Голицын с минуту подумал, вышел в переднюю, позвал денщика, велел сказать, чтоб лошадей откладывали, вернулся к Пестелю, сел рядом и положил ему руку на плечо.
— Я отвечу на ваш вопрос, Павел Иванович: я знаю, что надо делать, но не могу, и что это подлость — тоже знаю. Как видите, мое положение не лучше вашего…
Пестель посмотрел на него, как будто только теперь увидел лицо его.
— Прошу вас, Пестель, — продолжал Голицын, — ответьте и вы на мой вопрос. Зачем вы сказали мне давеча о вашем предательстве? Вы знали, что я не поверю. Зачем же? Или подозревали меня, испытывали?
— Нет, не вас, а себя испытывал…
— Ну и что же?
— Вы правы: я этого не сделаю. А как я дошел до этого, хотите знать?
— Лучше не надо, Пестель! Потом когда-нибудь, а сейчас вам трудно.
— Думаете, стыдно? Нет, ничего. После того, что вы обо мне знаете, — мне уж стыдиться нечего…

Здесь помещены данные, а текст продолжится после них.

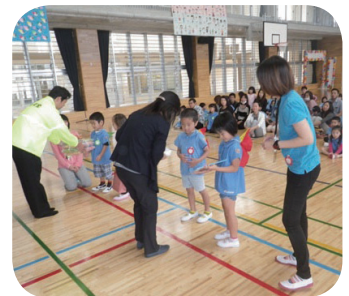
▲北谷町交通安全推進協議会から新入園児に対するハンドタオル贈呈の様子

平素から自動車利用者、自転車利用者、歩行者の皆様が交通ルールとマナーを守り、安全確認を十分に行い、交通事故のない安全で安心なまちづくりにご協力いただきますようお願い致します。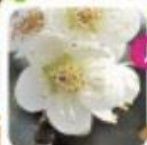
香りが強く蕾がモスグリーン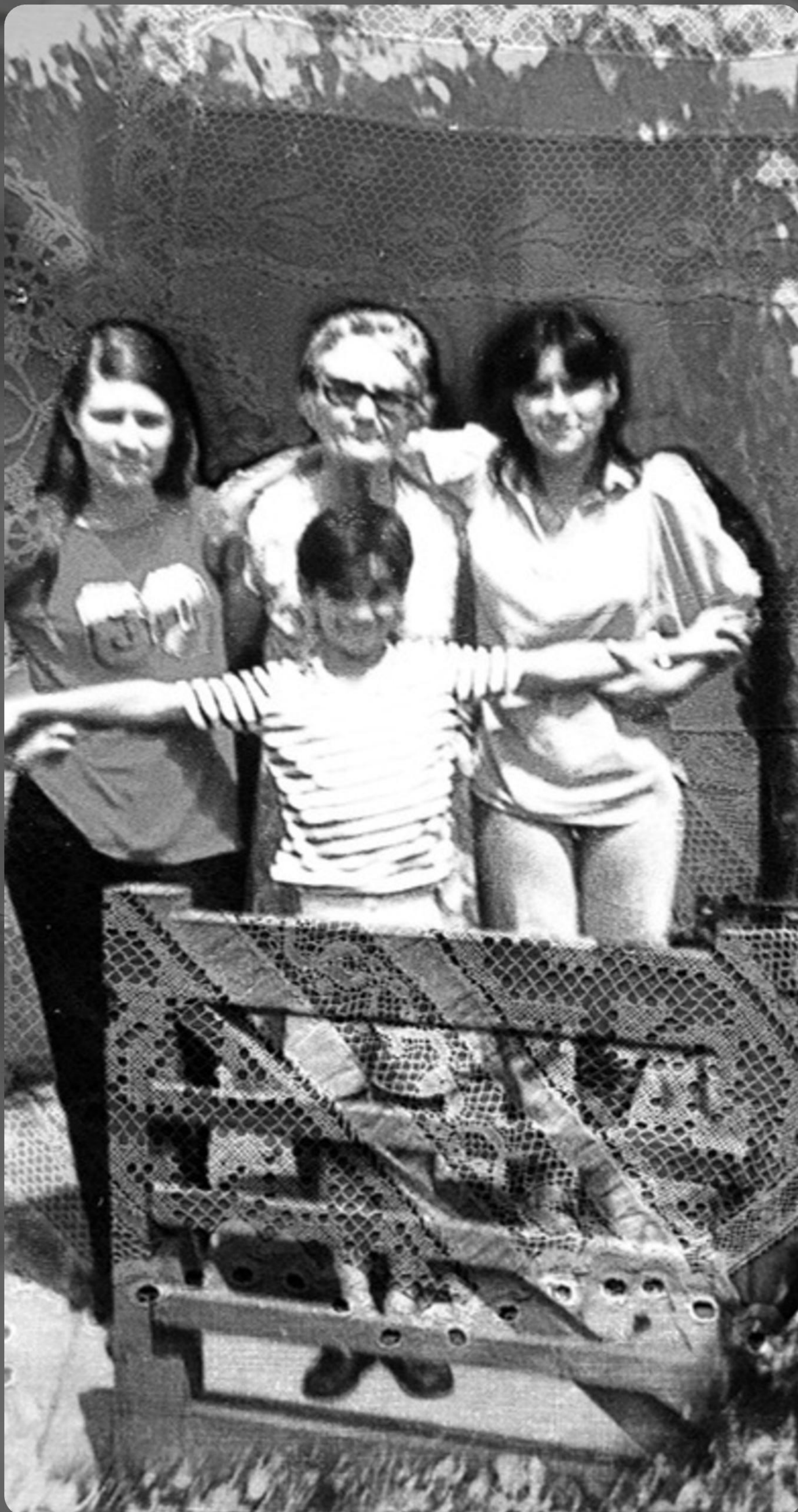
TERNURA 7 - COLLAGE DIGITAL SOBRE MICRO TUL 300 X 145 CM - 2025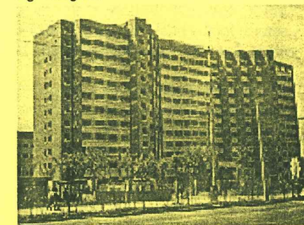
Dette er den nye bygningen til de samfunnsvitenskapelige fagene ved Fudan University. Department of International politics holder til her.

Senteret vil bl.a. kunne tjene som et serviceorgan for norske studenter som vil lære kinesisk språk eller om kinesisk politikk og samfunn. ISP vil trekke Institutt for statsvitenskap, UiO, og andre statsvitenskapelige miljøer i Norden inn i utviklingen av det videre samarbeidet omkring Nordic Centre ved Fudan University. Også andre fagmiljøer ved UiB vil kunne gjøre seg nytte av senteret. Blant Kinas ca. 1000 universiteter hører Fudan University til i gruppen blant de tre beste og viktigste.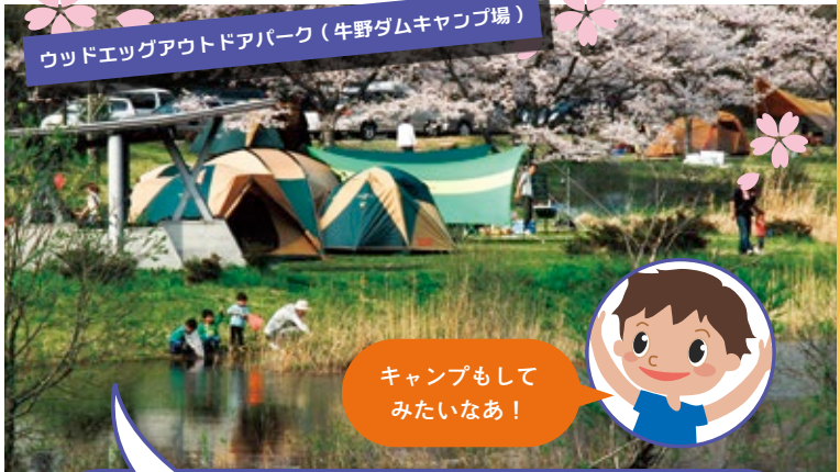
ウッドエッグアウトドアパーク(牛野ダムキャンプ場)

こうえんい がい おおひらむら 公園以外にも、大衡村には、キャン プをする人たちの間で人気がある、 キャンプ場があるんだ。 「ウッドエッグアウトドアパーク」 うしの じょう (牛野ダムキャンプ場) というんだ。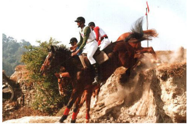
क्रस कन्ट्रि अभ्यास गर्दै क्याभलरीका घोडचढी सैनिकहरु ।

भाग्यशाली चिह्नमा: जम. जगदिश घिसिङ्ग प्रथम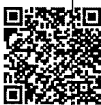
รายชื่อ รุ่นที่ ๖

Помолчал, подумал и начал:
— Помните, Гамлет говорит: «совесть всех вас делает трусами». Я имею золотую шпагу за храбрость, но я трус, не перед смертью, а перед мыслью, перед совестью трус. Чтобы что-нибудь сделать, не надо слишком много думать. «Бледнеет румянец воли, когда мы начинаем размышлять», — это тоже Гамлет сказал, — я теперь все «Гамлета» читаю. А я не могу не размышлять; люблю мысль без корысти, без пользы, без цели, мысль для мысли, чистую мысль. Я только в мысли и живу, а в жизни мертв. Я не злодей и не герой, а обыкновенный человек, добрый, честный немец. Вот книжки читать люблю. Почитываю, пописываю; 12 лет писал «Русскую Правду» и мог бы писать еще 12 лет. Как Архимед, делаю математические выкладки в осажденном городе; пропадай все, только бы сошлись мои выкладки. Говорю, не думая: надо царя убить. И как будто чувствую, что это так; как будто ненавижу его; а подумаю: за что ненавидеть? за что убивать? Обыкновенный человек, такой же, как все мы; средний человек в крайности. И ненависти нет, и воли нет. И так всегда со всеми чувствами. Никаких чувств, один ум; ум полон, а сердце — как пустой орех…
— Вы на себя клевещете, Пестель: одно великое чувство есть у вас.
— Какое? Любовь к отечеству? Я и сам думал, что люблю. Но нет, не люблю. Да и что такое любовь? Полюбить — выйти из себя, войти в другого? Сделать так, чтобы я был не я? Фокус, что ли? Или вера? Чудо? По логике, нельзя верить, нельзя любить: логика — дважды два четыре, а любовь — чудо, дважды два пять. В Евангелии: «любите, любите…» Ну, а что же делать, если нет любви? Это как совет утопающему вытащить себя за волосы. Злая шутка. Хоть убей, не люблю. И чем больше стараюсь, тем меньше люблю… Нет, в самом деле, Голицын, что же делать, что делать, если нет любви? Молиться, что ли? Вы в Бога веруете?
— Верую.
— В какого? Что такое Бог? Говорят, Бог есть любовь. А у нас тут, в Линцах, намедни свинья двухлетней девочке голову отъела. Девочка невинна, и свинья — тоже, а все-таки Бог есть любовь? Мой друг Барятинский — плохой поэт, но он хорошо сказал, лучше Вольтера:
En voyant tant de mal couvrir le mond entier,
Si Dieu meme existait il faudrait le nier.[86]
Помните, я вам в Петербурге говорил, что умом знаю о Боге, а сердцем Его не хочу? И без Бога довольно мучений. Я видел под Лейпцигом предсмертные мучения раненых: мороз и сейчас продирает по коже, как вспомню. И ведь каждый-то из них знал, что волос с головы его не упадет без воли Отца Небесного… А по взятии Лейпцига нашел я в одной аптеке яд, купил его и с тех пор всегда ношу при себе.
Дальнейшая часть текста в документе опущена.